Output the data below only from the line containing "During this time, some" up to and including the line containing "The propagation of", exact and with the pictures left out.

▸ Records for processing:
——————————

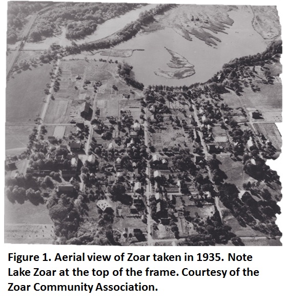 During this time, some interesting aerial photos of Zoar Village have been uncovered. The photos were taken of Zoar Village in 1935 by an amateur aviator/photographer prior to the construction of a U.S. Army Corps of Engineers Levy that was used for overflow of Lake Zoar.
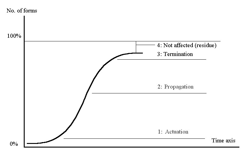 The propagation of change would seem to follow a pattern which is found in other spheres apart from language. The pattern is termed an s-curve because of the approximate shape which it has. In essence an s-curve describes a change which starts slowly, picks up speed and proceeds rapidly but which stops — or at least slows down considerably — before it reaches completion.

——————————

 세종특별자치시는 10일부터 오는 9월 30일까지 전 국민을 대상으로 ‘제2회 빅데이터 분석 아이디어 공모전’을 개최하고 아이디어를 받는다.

——————————

▸ Solution:
 During this time, some interesting aerial photos of Zoar Village have been uncovered. The photos were taken of Zoar Village in 1935 by an amateur aviator/photographer prior to the construction of a U.S. Army Corps of Engineers Levy that was used for overflow of Lake Zoar.
 The propagation of change would seem to follow a pattern which is found in other spheres apart from language. The pattern is termed an s-curve because of the approximate shape which it has. In essence an s-curve describes a change which starts slowly, picks up speed and proceeds rapidly but which stops — or at least slows down considerably — before it reaches completion.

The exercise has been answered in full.